Connecticut is also working with smaller companies that produce varied programming such as television cooking shows, infomercials, video games for cell phones, audio books, online action movies and parodies, and even 3D animated science videos used by pharmaceutical and biotech companies. In April, Connecticut's film office co-sponsored the inaugural Tribeca Digital Creators Market in New York City. The event was billed as the first marketplace for digital and online content, where creators could connect with buyers, producers and agents.

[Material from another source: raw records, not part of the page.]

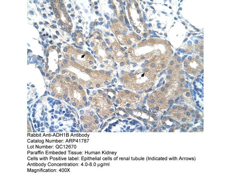 - This is a rabbit polyclonal antibody against ADH1B. It was validated on Western Blot and immunohistochemistry.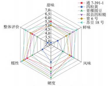 菜用大豆感官評價結果如圖1所示。通7-391-1甜味值最高,為5.50,甜味明顯。蘇豆18號在鮮味( 6.25)、香味( 5.75)、糯性( 6.75)、硬( 6.75)方面得分最高,而且綜合平均得分最高,為6.25,說明從整體來看,蘇豆18號具有菜用大豆固有的香氣,鮮味,口感軟糯滋味相對較好。四粒黃得分最低,為3.67,且與其他樣品的得分離散程度最大,說明口感滋味不符合大眾喜歡。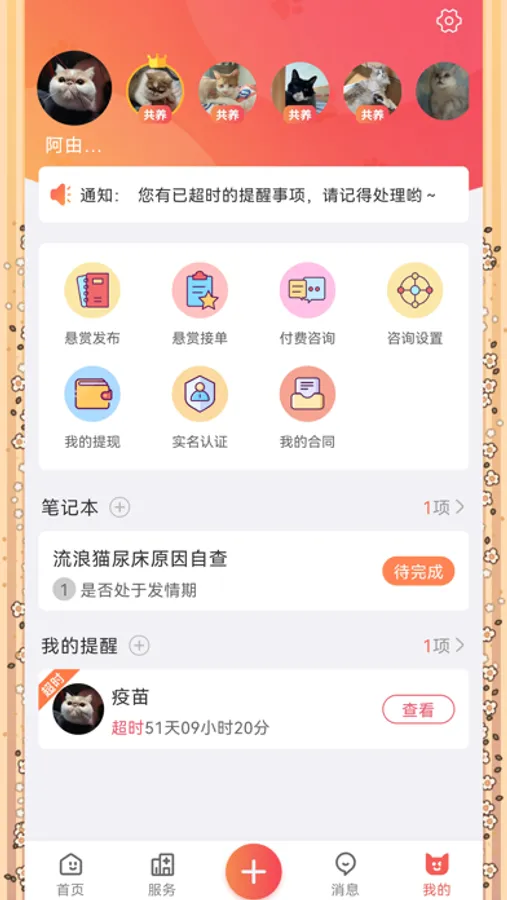 【宠物共养】与朋友一起为宠物编写猫咪档案,随时查看健康、花费等图片信息。大主人可将档案继承予小主人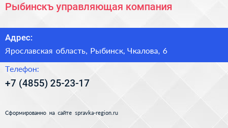 Рыбинскъ, управляющая компания по адресу Ярославская область, Рыбинск, Чкалова, 6 в дальнейшем Организация, размещена в следующих категориях: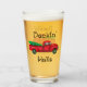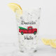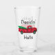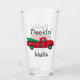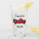 This Deckin Halls Red Christmas Tree Truck Drinking Glass features a print of my original watercolor painting of an old red truck with a Christmas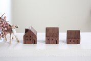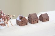 ヨーロッパの民家をモチーフに、無垢の木から削りだして小さな木の家を作りました。
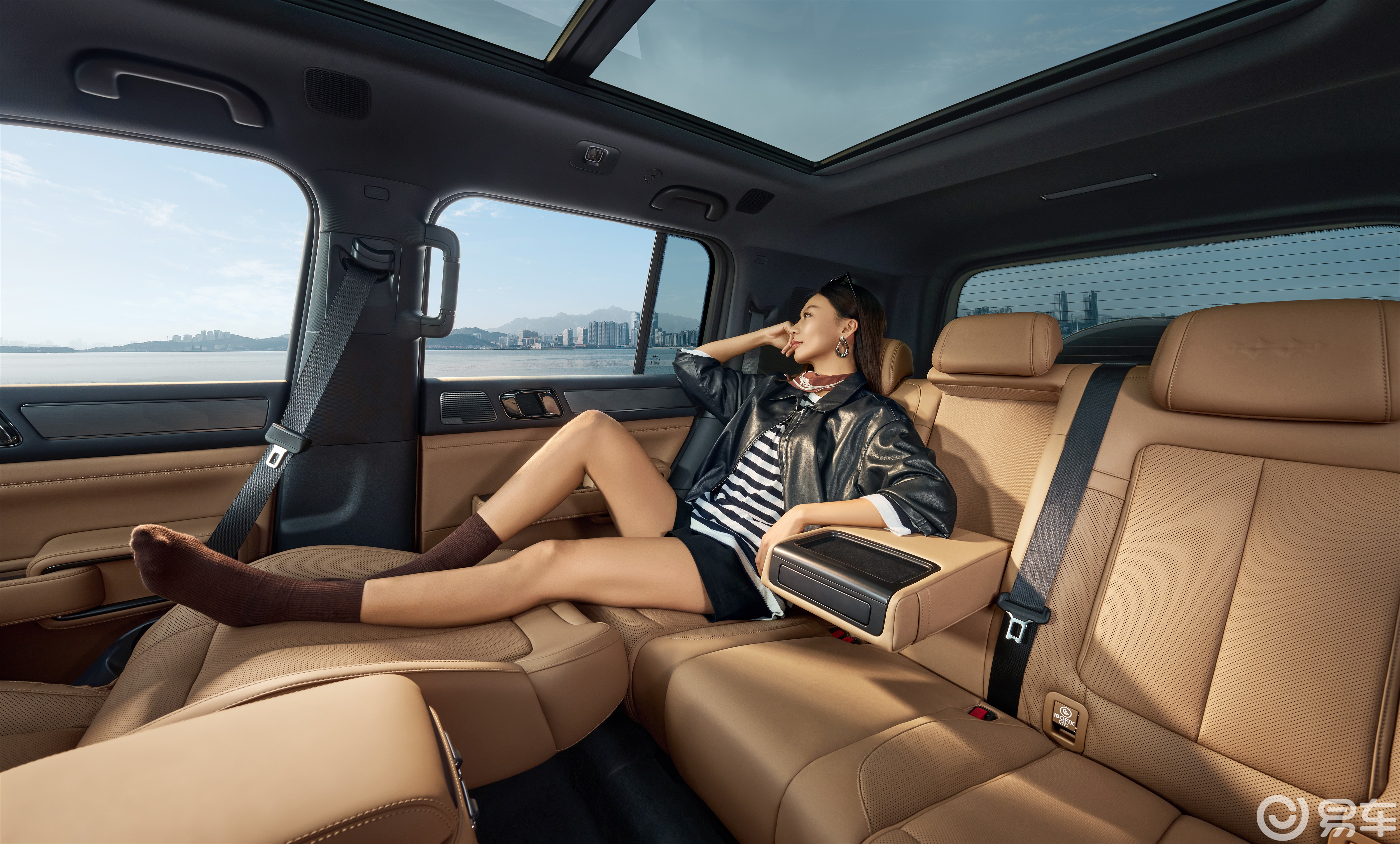 豹8以大五座布局重构旗舰SUV空间逻辑,后排腿部与后备箱空间双双扩容,搭配多向大腿托与双开门冰箱。作为首款获C-NCAP五星认证的混动非承载车型,其智能网联系统亦按C-ICAP五星标准开发,树立“物理+智能”双安全标杆。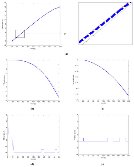 The simulation results are given by Figure 8. Figure 8a–c represent, respectively, the actual trajectory (displacement along , displacement along and orientation along the -axis) performed by the vehicle, the trajectory generated by the visual servo loop and the trajectory produced by the quadrotor using flatness control. We notice that the visual servoing algorithm generates a trajectory faithful to the real trajectory carried out by the vehicle (target). Flatness control ensures exact tracking of the generated trajectory. The evolution of the error in pixels between the position of the point in the image plane and the desired point is given in Figure 8d,e. The evolution of the roll angle and the pitch angle, respectively, are given in Figure 8f,g. We notice that these two variables remain sufficiently small during the trajectory tracking.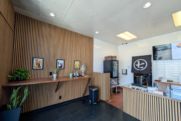 Tonkatsu Marushichi 的另一特色是 豬排中心保留淡粉色,而非一般豬排常見的全白色。這源自於低溫長時間烹調的方式,使豬排口感更柔嫩並保持肉汁。托倫斯分店以 外帶為主,店內座位極少,僅在吧檯邊設有幾張椅子,方便想現場享用的客人!!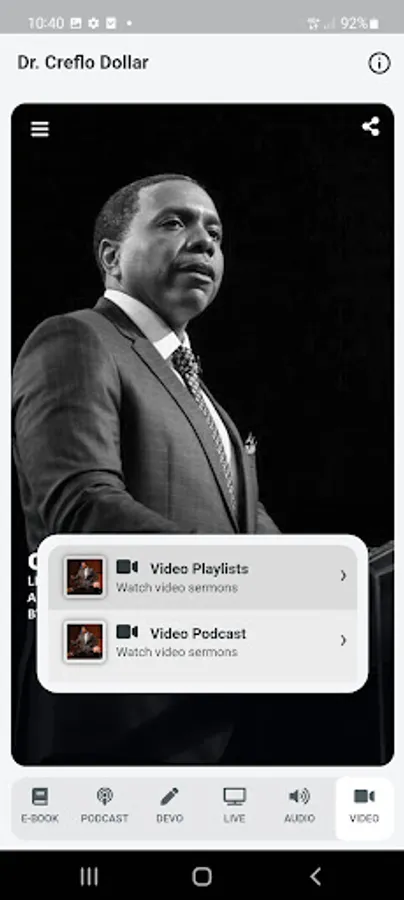 Listen to Dr. Creflo Dollar's sermons, watch video podcasts and playlists, and read E-books & Daily Devotional. You can also watch Changing Your World Network (CYWN) 24 hours a day (which is a live TV broadcast by Creflo Dollar Ministries).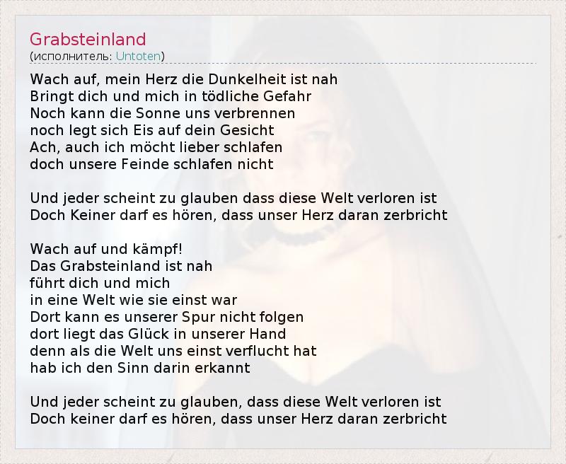 Wach auf, mein Herz die Dunkelheit ist nah Bringt dich und mich in tödliche Gefahr Noch kann die Sonne uns verbrennen noch legt sich Eis auf dein Gesicht Ach, auch ich möcht lieber schlafen doch unsere Feinde schlafen nicht Und jeder scheint zu glauben dass diese Welt verloren ist Doch Keiner darf es hören, dass unser Herz daran zerbricht Wach auf und kämpf! Das Grabsteinland ist nah führt dich und mich in eine Welt wie sie einst war Dort kann es unserer Spur nicht folgen dort liegt das Glück in unserer Hand denn als die Welt uns einst verflucht hat hab ich den Sinn darin erkannt Und jeder scheint zu glauben, dass diese Welt verloren ist Doch keiner darf es hören, dass unser Herz daran zerbricht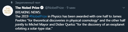 Половину премии присудили Джеймсу Пиблсу "за теоретические исследования в космологии", вторую - Мишелю Майору и Дидье Кело "за открытие экзопланеты на орбите солнцеподобной звезды".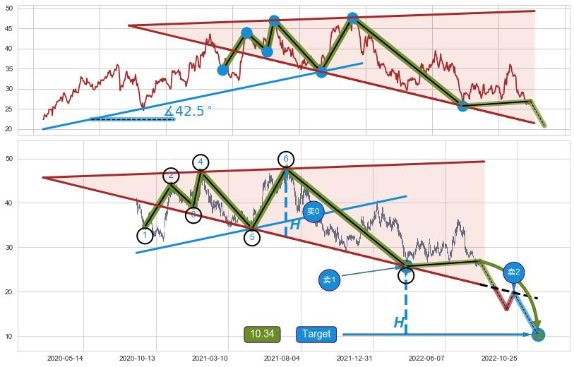 ➣ D点拟合预测价格13.86,距离最后交易收盘价格26.86相差 -48.39%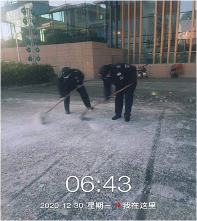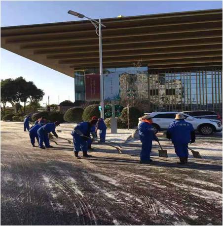 當(dāng)天夜里,在崗的物業(yè)保安人員用工業(yè)鹽逐段拋灑會議中心主干道,確保路面不因低溫而結(jié)冰。30日早7時(shí)未到,項(xiàng)目部全員上路鏟雪,加上萬楊公司運(yùn)作六部派來的8名支援會議秩序的安保人員,大家繼續(xù)拋灑融雪劑,用鐵鍬鏟的鏟、用大掃把掃的掃……8點(diǎn),會議中心東廣場已無明顯冰雪存在、京杭之心主干道路面已不再溜滑。不一會兒,參會車輛逐步駛?cè)霃V場,與會人員邁著矯健的步伐走進(jìn)會場。放下除雪工具的保安人員又開始維護(hù)車輛秩序……

At that event, Connecticut highlighted the tax credit program, which provided $91.5 million in tax credits to 36 production companies that spent an estimated $348 million in fiscal year 2015 in the state on qualified digital and TV productions. The credit covers up to 30 percent of what's spent in Connecticut, ranging from salaries to rental equipment.
The film office has also refocused its job training efforts on digital media production. This summer will mark the second year of The Digital Media CT, a training program the office developed with the University of Connecticut's Stamford campus.
James Amann was Speaker of the House of Representatives in 2007 when the effort to grow both the film and digital media industries began. While he's happy with the state's progress made with the digital industry, he says Connecticut "fell very short" on continuing to bring movies to the state.
Now a lobbyist, Amann represents about 900 small filmmakers. He said one could someday open a studio and "be the next big deal."
"There was a bridge built," he said. "But unfortunately, one lane has been completed on the digital end. But the other lane is sitting dormant in mothballs."